Click for patch diff

```diff diff --git a/sopel/db.py b/sopel/db.py index 2763495f..191d6d1c 100644 --- a/sopel/db.py +++ b/sopel/db.py @@ -24,7 +24,7 @@ import typing from sqlalchemy import Column, create_engine, ForeignKey, Integer, String from sqlalchemy.engine.url import make_url, URL -from sqlalchemy.exc import OperationalError +from sqlalchemy.exc import OperationalError, IntegrityError from sqlalchemy.orm import declarative_base, scoped_session, sessionmaker from sqlalchemy.sql import delete, func, select, update @@ -68,7 +68,7 @@ class Nicknames(BASE): __tablename__ = 'nicknames' __table_args__ = MYSQL_TABLE_ARGS nick_id = Column(Integer, ForeignKey('nick_ids.nick_id'), primary_key=True) - slug = Column(String(255), primary_key=True) + slug = Column(String(255), primary_key=True, unique=True) canonical = Column(String(255)) @@ -397,14 +397,26 @@ class SopelDB: session.add(nick_id) session.commit() - # Create a new Nickname - nickname = Nicknames( - nick_id=nick_id.nick_id, - slug=slug, - canonical=nick, - ) - session.add(nickname) - session.commit() + try: + # Create a new Nickname + nickname = Nicknames( + nick_id=nick_id.nick_id, + slug=slug, + canonical=nick, + ) + session.add(nickname) + session.commit() + except IntegrityError as exc: + if exc.args and "UNIQUE constraint failed: nicknames.slug" in exc.args[0]: + LOGGER.warning("Data race detected when calling get_nick_id()") + # another thread beat us to creating this entry, rollback and query again + session.rollback() + nickname = session.execute( + select(Nicknames).where(Nicknames.slug == slug) + ).scalar_one_or_none() + else: + # something else went wrong, re-raise + raise ```

However, this patch is incomplete, because a new nick_id is still generated by the earlier transaction in get_nick_id().

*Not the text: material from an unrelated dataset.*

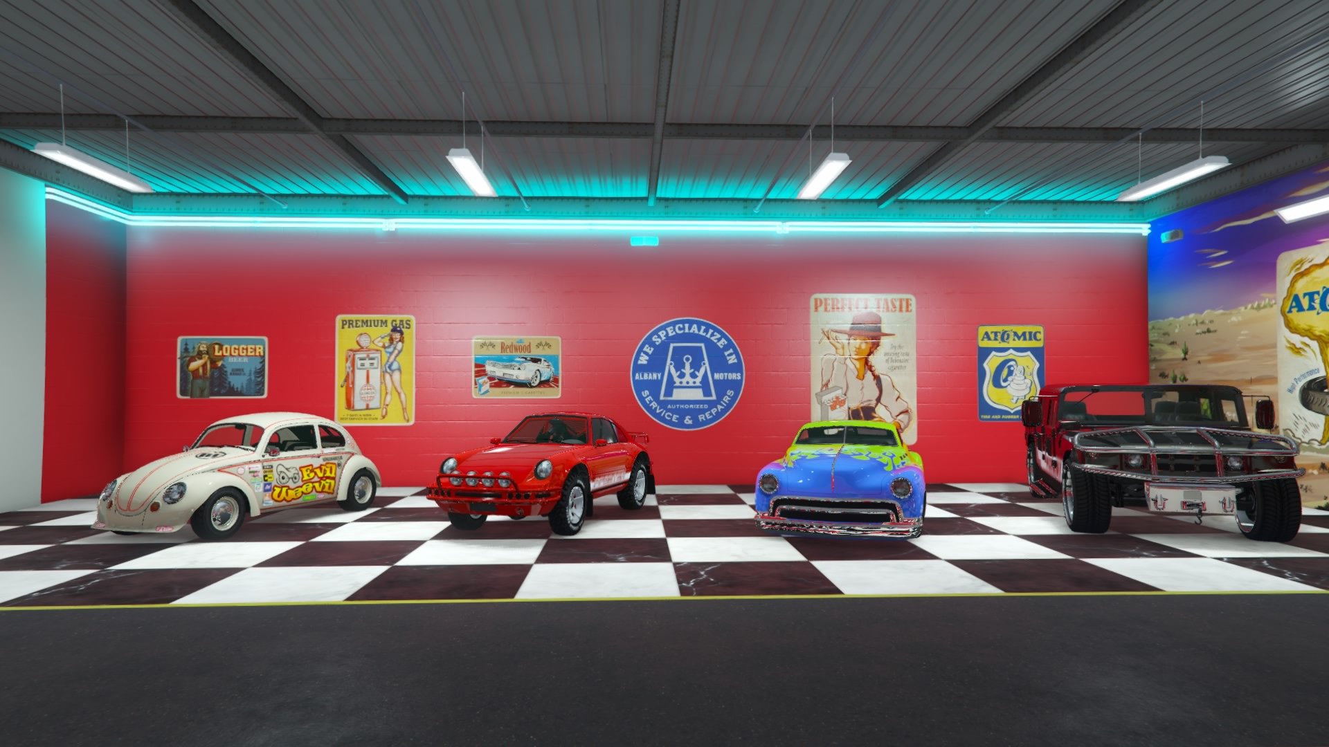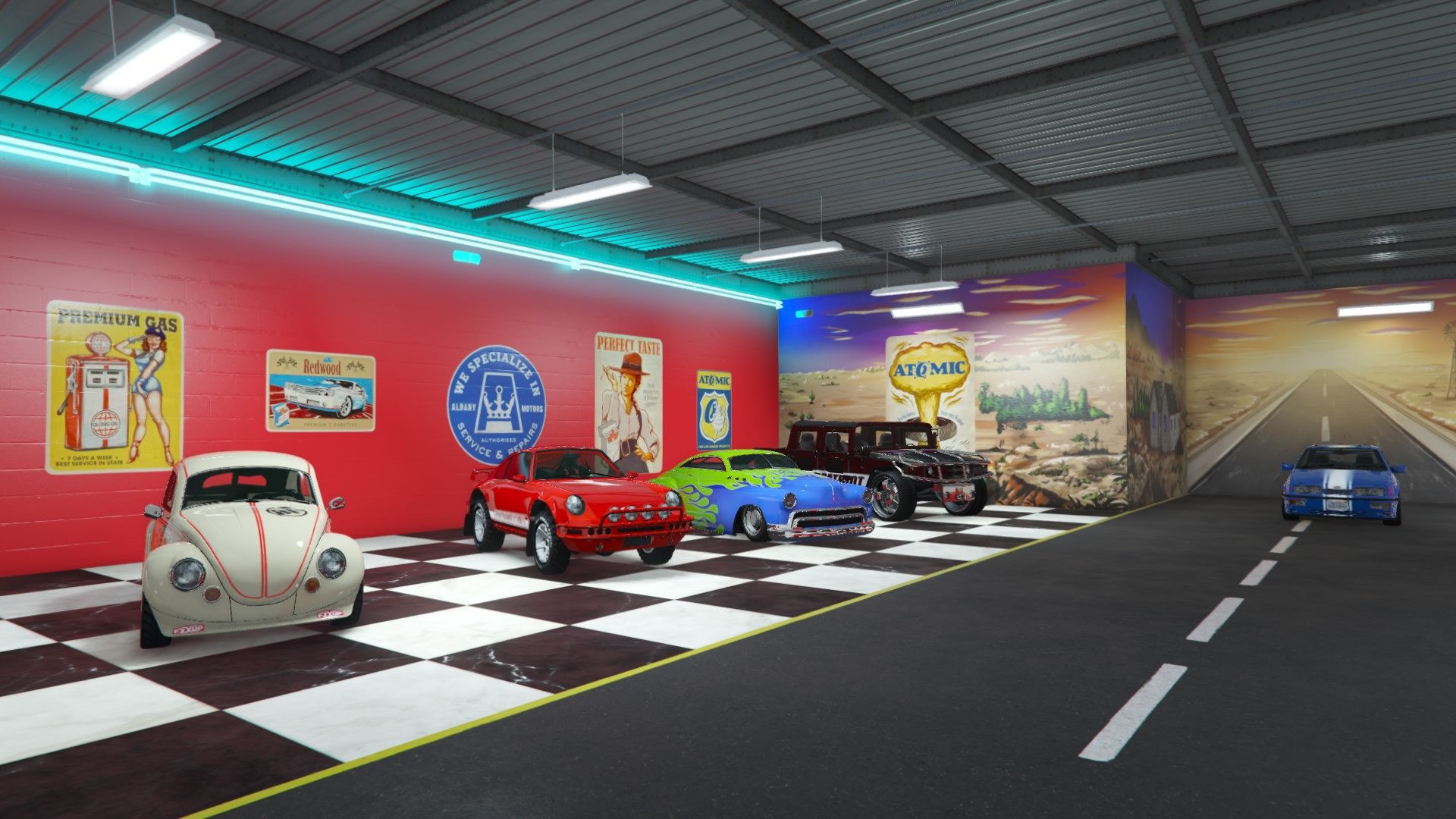 今回自分が用意したガレージは、「GTAミニカーガレージ」。最近は記事を更新できていないですが、ミニカーでGTAワールドを作りたい!(GTA感のあるミニカーを探そう)の企画をやっていたので、逆にGTAでミニカーっぽい車を集めたガレージを作ってみようという発想でした。おもちゃの世界をゲームに逆輸入。

Below are the contents of my test bot's DB after a test with this patch applied, note that there are only two nicknames, but four nick_ids:

sqlite> SELECT * FROM nicknames;
2|snoopj|SnoopJ
3|terribot|terribot
sqlite> SELECT * FROM nick_ids;
1
2
3
4

It sounds like either the core task or DB revision that @dgw proposes would avoid this problem, with the core task neatly avoiding this issue altogether. I would be in favor of promptly populating the table before any plugins (including official ones) have the option to cause havoc, but I'm not familiar enough with these Sopel guts to know what that looks like.

ghost commented 8 months ago

I don't want to further slow 8.0.0 down, but could we add this to the 8.1.0 milestone?

dgw commented 8 months ago

Since get_nick_id() is the problematic code path, I'm sure we could cut the frequency of this issue down to (almost?) nothing using a Lock object and a well-placed with nick_id_lock: context manager.

And in the future, once we sort out the path toward proper database migrations (#1784), some simplified version of the ridiculous three-table schema we have for nicknames can be applied to channels, so they too can benefit from case-insensitivity. But I'm getting way ahead of this issue, huh?